───── Supplied records
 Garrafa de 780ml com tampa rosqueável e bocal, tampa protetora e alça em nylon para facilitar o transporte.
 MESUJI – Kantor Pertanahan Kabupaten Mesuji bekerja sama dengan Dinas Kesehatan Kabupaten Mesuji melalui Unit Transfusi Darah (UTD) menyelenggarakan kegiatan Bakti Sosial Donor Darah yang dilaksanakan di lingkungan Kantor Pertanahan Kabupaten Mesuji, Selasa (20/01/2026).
──────────
───── Supplied records
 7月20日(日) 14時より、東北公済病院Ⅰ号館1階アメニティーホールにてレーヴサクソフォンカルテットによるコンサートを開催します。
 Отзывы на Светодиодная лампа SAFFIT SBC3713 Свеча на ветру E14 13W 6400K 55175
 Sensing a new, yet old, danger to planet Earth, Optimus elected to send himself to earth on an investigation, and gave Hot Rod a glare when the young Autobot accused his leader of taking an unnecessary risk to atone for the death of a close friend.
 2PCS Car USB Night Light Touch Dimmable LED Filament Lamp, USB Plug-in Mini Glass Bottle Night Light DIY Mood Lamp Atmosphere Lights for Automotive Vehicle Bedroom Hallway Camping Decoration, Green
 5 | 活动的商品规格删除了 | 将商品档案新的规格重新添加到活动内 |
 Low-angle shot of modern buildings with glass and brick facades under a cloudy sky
──────────
───── Supplied records
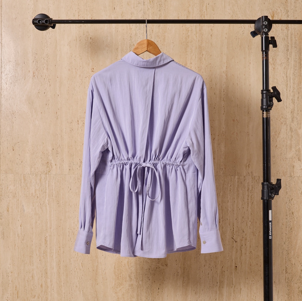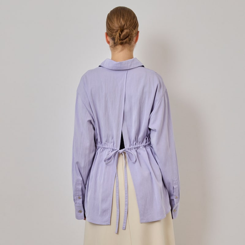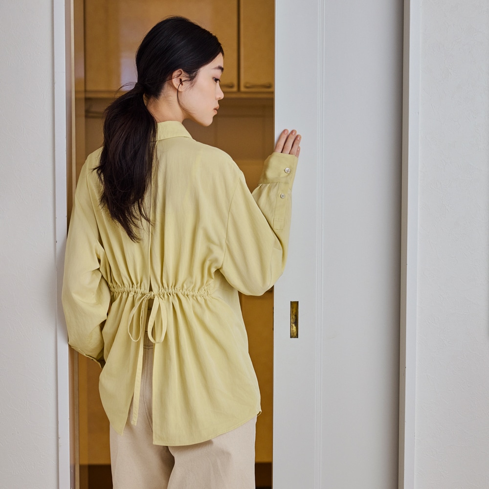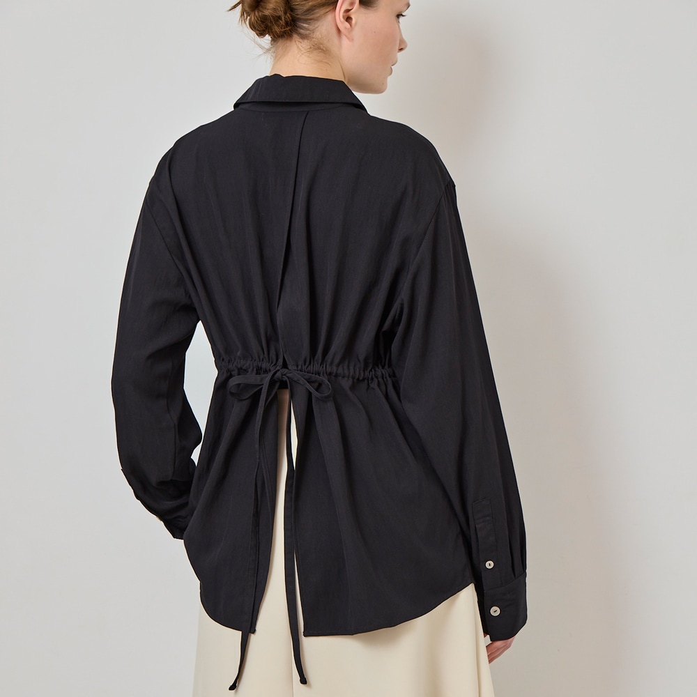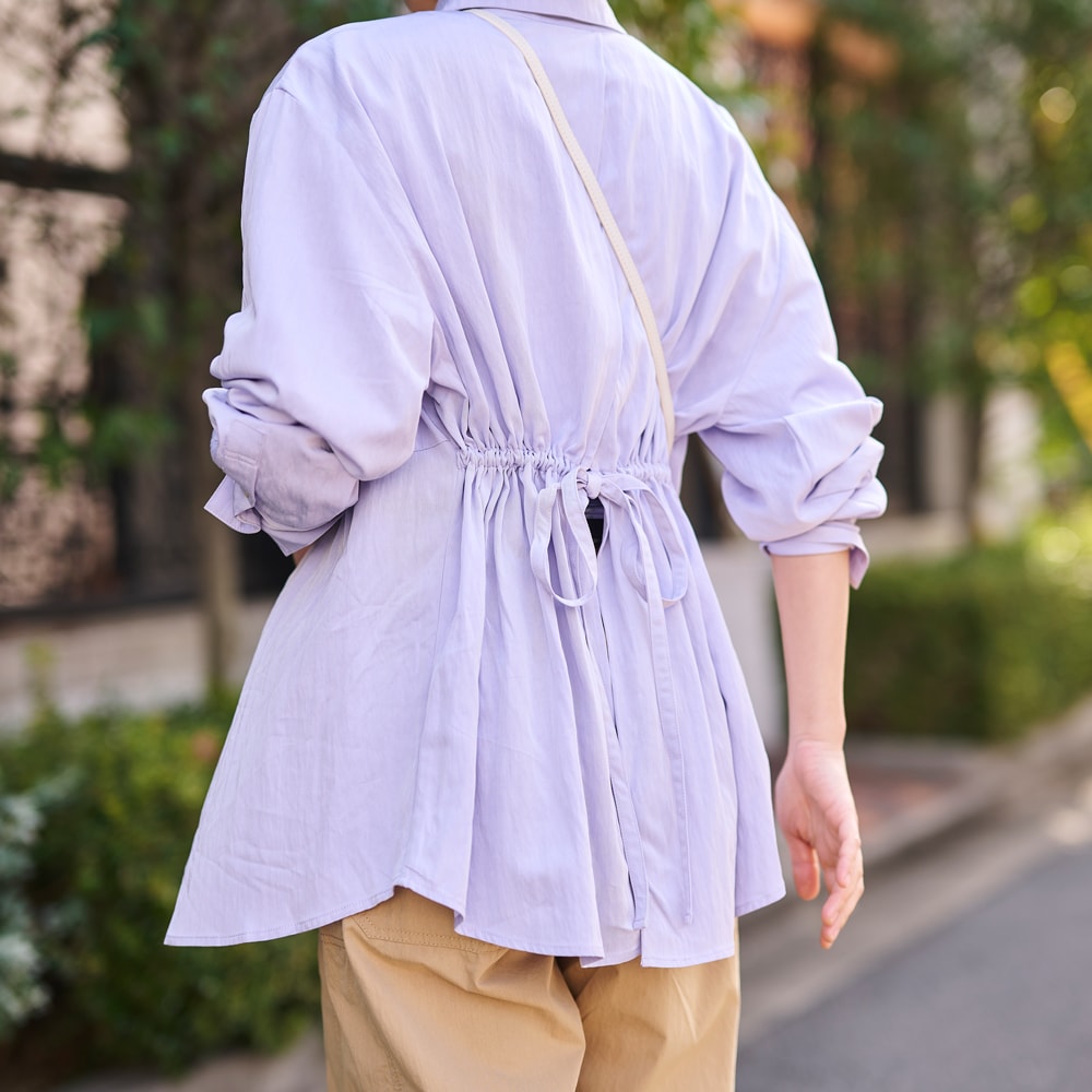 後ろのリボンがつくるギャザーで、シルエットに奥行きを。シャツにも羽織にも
──────────
**What you have to do:**
Go to the line in the material above that contains "Garrafa de 780ml" and copy exactly from there through the line that contains "MESUJI – Kantor", stopping after it.

**Task solution:**
 Garrafa de 780ml com tampa rosqueável e bocal, tampa protetora e alça em nylon para facilitar o transporte.
 MESUJI – Kantor Pertanahan Kabupaten Mesuji bekerja sama dengan Dinas Kesehatan Kabupaten Mesuji melalui Unit Transfusi Darah (UTD) menyelenggarakan kegiatan Bakti Sosial Donor Darah yang dilaksanakan di lingkungan Kantor Pertanahan Kabupaten Mesuji, Selasa (20/01/2026).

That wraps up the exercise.